Q: What is your analysis on the Budget fineprint as most of experts feel it is growth-oriented Budget? What is your rating to the Budget out of 10?

Yes, the Union Budget for FY22 turned out to be a major positive with solid focus on growth through capital spending. The markets were buoyed and the benchmark Sensex was up 5 percent on the Budget day, delivering one of the best Budget day returns in the last 22 years.

As FY22 Union Budget met most of the market expectations with hardly any negative surprises. The key expectations of the Budget was on job creation through infrastructure spending, focus on healthcare and welfare schemes and maintenance of existing tax structures. The announced Budget met all these expectations and also managed to convince the markets that this will be achieved without a major hardening of bond yields.

The most critical aspect of the Budget is that it is a growth Budget with significant expansion of government spending. The Budget will help in reviving the economy which was sluggish even before the pandemic. Further, this budget is changing the market structure in favour of capex cycle and BFSI plays. The laggards of the last decade are seeing more traction and could see increased allocation in the forthcoming quarters. Rating to FY22 budget will be 8 out of 10.

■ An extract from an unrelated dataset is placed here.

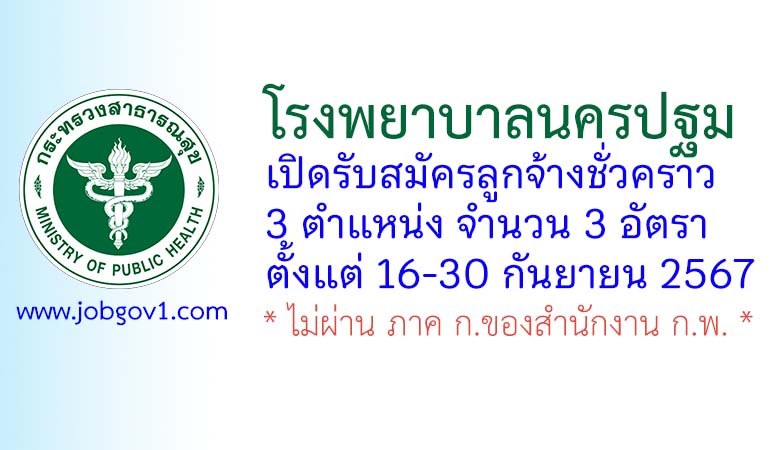 โรงพยาบาลนครปฐม รับสมัครลูกจ้างชั่วคราว 3 อัตรา ตั้งแต่วันที่ 16-30 กันยายน 2567

Q: Do you think Budget really gave a boost to banking & financials sector as Bank Nifty itself rallied 17 percent in just a week? Do you think the creation of bad bank will solve the NPA problems if arise in the future?

The Union Budget has been a significant event as it is changing the market structure in favour of the capex cycle and BFSI plays. The laggards of the last decade are seeing more traction and could see increased allocation in the forthcoming quarters. The major change in market structure will mean re-rating of sectors which have lagged for a long period. PSU banks were the laggard from the long time and now playing a catch-up rally post Budget.

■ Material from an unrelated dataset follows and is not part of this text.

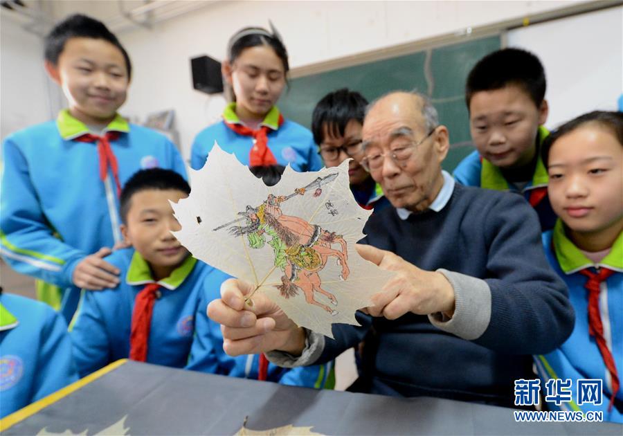 1月30日,邯郸市叶脉画传承人朱余尧向复兴区百花小学学生讲解叶脉画制作过程。当日,河北邯郸市复兴区百花小学举办叶脉画课外班,叶脉画传承人朱余尧向小学生展示叶脉画艺术魅力。学生们通过认识叶脉画,了解叶脉画,激发对传统文化的热情。新华社记者王晓摄

Budget has forecasted a nominal GDP growth of 14.5 percent for FY22, with this assumption credit growth likely to pick-up in upcoming quarters which will be beneficial for the overall BFSI sector. Further, the idea of the creation of bad banks will likely to resolve NPA problems which will further lead to improvement in the overall health of the financial system.

Q: What should be the investment strategy post Budget 2021? Should investors continue with buy on dip strategy, to rejig their portfolio?

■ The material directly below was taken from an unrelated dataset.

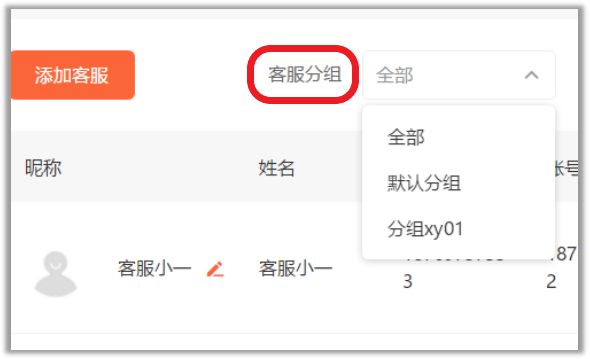 客服分组:所属于哪个客服分组

The Budget tilts in favour of cyclical and rate sensitive play. Further, the Union Budget has been a significant event as it is changing the market structure in favour of capex cycle and BFSI plays. The major change in market structure will mean re-rating of sectors which have lagged for a long period. Even as sector rotation plays out, valuations across sectors like Consumer, IT and Pharmaceuticals are likely to sustain while industrials, cement, real estate and BFSI will re-rate.

Currently, we are overweight on: BFSI, Auto, IT, Speciality Chemical and Telecom, while equal weight on Consumer Staples, Consumer Discretionary, Cement, Metal & mining, Pharma and Real Estate. We are underweight on Capital Goods & Oil & Gas.

FIIs are the consistent buyers from the Budget day on account of optimism over the growth and faster than expected recovery in high frequency indicators and the corporate earnings. Investors are further betting higher on riskier assets on account of optimism over a robust stimulus package from the US government.

The market has rallied sharply in a short span, so at this juncture it is a buy on dips market, The continuous sell-off by domestic institutional investors remains a key risk. Further, if FIIs started selling and DIIs are unable to buy the positions, then we could see downward pressure in the market as most of the positives are already priced in.

Q: Do you think the divestment target set by government (which also promised to deliver) is achievable given the current scenario?

In this Budget, the government has set a target of Rs 1.75 lakh crore of disinvestment, in which disinvestment of 2 PSU banks, 1 General Insurance company & the IPO of LIC is targeted for FY22. LIC IPO is likely to be a mega IPO which will further boost the overall sentiments in primary as well as secondary market. FY22 Budget has reduced its dependence on disinvestment, betting instead on monetizing the assets; however, the execution of divestment remains crucial.